(Records from a data collection)
'''

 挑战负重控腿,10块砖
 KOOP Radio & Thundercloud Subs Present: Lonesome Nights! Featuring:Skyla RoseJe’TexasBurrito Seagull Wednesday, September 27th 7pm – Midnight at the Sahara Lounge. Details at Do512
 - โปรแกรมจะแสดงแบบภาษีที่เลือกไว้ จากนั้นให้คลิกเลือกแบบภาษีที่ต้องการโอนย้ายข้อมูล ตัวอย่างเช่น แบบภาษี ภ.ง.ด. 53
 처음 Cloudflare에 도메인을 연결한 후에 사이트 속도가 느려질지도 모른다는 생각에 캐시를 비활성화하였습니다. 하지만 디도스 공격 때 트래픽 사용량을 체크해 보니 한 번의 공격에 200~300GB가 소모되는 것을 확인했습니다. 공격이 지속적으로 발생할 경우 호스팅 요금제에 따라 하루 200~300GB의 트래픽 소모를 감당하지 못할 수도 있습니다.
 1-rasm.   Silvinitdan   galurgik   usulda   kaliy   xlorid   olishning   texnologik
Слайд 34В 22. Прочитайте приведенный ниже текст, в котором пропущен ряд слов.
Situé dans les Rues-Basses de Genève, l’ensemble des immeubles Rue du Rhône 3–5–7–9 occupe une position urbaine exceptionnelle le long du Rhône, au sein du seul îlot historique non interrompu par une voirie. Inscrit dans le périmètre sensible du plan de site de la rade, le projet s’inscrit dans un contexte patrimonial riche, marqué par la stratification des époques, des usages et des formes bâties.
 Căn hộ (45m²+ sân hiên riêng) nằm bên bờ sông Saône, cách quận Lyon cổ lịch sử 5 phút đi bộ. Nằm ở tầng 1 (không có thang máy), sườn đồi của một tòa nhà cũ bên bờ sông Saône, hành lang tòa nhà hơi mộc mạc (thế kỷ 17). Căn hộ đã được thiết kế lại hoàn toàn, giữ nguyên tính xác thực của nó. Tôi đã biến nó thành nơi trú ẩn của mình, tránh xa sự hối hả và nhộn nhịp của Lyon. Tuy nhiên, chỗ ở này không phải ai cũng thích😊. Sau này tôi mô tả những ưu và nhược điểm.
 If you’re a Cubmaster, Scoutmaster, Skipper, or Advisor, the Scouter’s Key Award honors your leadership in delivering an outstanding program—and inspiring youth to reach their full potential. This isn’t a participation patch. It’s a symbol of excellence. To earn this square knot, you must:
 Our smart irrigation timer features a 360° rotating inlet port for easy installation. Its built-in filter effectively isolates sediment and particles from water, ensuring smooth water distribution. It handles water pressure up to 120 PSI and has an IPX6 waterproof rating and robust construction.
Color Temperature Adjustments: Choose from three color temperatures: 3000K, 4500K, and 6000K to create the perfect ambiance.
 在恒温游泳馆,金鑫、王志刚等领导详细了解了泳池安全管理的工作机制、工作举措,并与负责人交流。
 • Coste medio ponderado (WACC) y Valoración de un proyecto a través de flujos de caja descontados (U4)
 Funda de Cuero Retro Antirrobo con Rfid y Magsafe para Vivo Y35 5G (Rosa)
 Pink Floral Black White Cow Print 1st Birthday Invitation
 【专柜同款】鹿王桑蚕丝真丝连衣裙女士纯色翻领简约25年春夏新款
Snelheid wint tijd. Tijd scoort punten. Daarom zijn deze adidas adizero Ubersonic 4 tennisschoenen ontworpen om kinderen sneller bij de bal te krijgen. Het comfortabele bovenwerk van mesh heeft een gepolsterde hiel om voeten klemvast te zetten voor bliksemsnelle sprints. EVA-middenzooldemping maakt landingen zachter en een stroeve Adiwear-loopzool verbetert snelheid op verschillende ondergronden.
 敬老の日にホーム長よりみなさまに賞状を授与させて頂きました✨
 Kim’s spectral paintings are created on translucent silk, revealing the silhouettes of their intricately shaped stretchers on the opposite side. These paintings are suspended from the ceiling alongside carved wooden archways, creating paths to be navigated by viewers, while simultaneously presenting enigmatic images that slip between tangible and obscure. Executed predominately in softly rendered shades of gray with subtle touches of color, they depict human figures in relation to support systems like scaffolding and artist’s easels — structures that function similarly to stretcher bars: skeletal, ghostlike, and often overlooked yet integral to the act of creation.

'''

**Description of the task:**
Leave out every line above except those from the line with "Funda de Cuero" up to and including the line with "敬老の日にホーム長よりみなさまに賞状を授与させて頂きました✨", and copy those exactly.

**Response to this task:**
 Funda de Cuero Retro Antirrobo con Rfid y Magsafe para Vivo Y35 5G (Rosa)
 Pink Floral Black White Cow Print 1st Birthday Invitation
 【专柜同款】鹿王桑蚕丝真丝连衣裙女士纯色翻领简约25年春夏新款
Snelheid wint tijd. Tijd scoort punten. Daarom zijn deze adidas adizero Ubersonic 4 tennisschoenen ontworpen om kinderen sneller bij de bal te krijgen. Het comfortabele bovenwerk van mesh heeft een gepolsterde hiel om voeten klemvast te zetten voor bliksemsnelle sprints. EVA-middenzooldemping maakt landingen zachter en een stroeve Adiwear-loopzool verbetert snelheid op verschillende ondergronden.
 敬老の日にホーム長よりみなさまに賞状を授与させて頂きました✨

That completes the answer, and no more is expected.